The data =
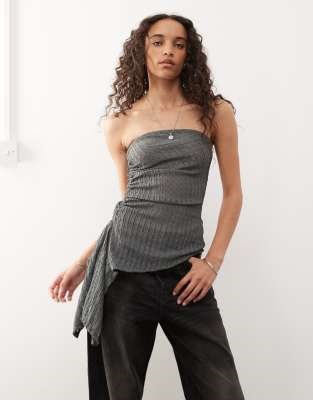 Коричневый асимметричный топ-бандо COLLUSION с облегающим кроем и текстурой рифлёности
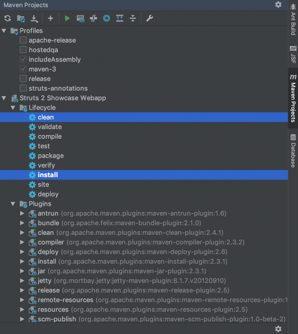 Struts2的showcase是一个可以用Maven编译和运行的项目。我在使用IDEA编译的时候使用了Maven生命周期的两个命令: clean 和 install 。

--

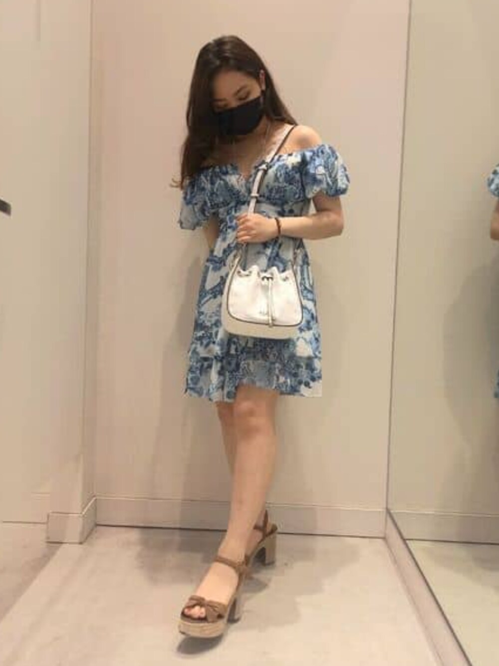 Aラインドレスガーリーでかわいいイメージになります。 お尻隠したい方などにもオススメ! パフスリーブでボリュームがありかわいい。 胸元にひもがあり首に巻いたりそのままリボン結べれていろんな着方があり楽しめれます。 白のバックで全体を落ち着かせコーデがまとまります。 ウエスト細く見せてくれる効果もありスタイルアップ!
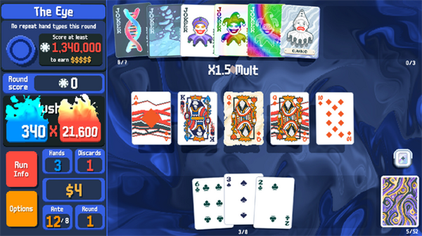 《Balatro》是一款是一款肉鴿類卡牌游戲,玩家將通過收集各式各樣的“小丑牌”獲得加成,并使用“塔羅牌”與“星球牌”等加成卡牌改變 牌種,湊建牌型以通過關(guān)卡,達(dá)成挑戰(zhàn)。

Exercise objective = Starting at the line above that has "Коричневый асимметричный топ-бандо" and ending at the line that has "和 install 。", copy each line exactly, leaving the pictures out and adding nothing.

Task solution =
 Коричневый асимметричный топ-бандо COLLUSION с облегающим кроем и текстурой рифлёности
 Struts2的showcase是一个可以用Maven编译和运行的项目。我在使用IDEA编译的时候使用了Maven生命周期的两个命令: clean 和 install 。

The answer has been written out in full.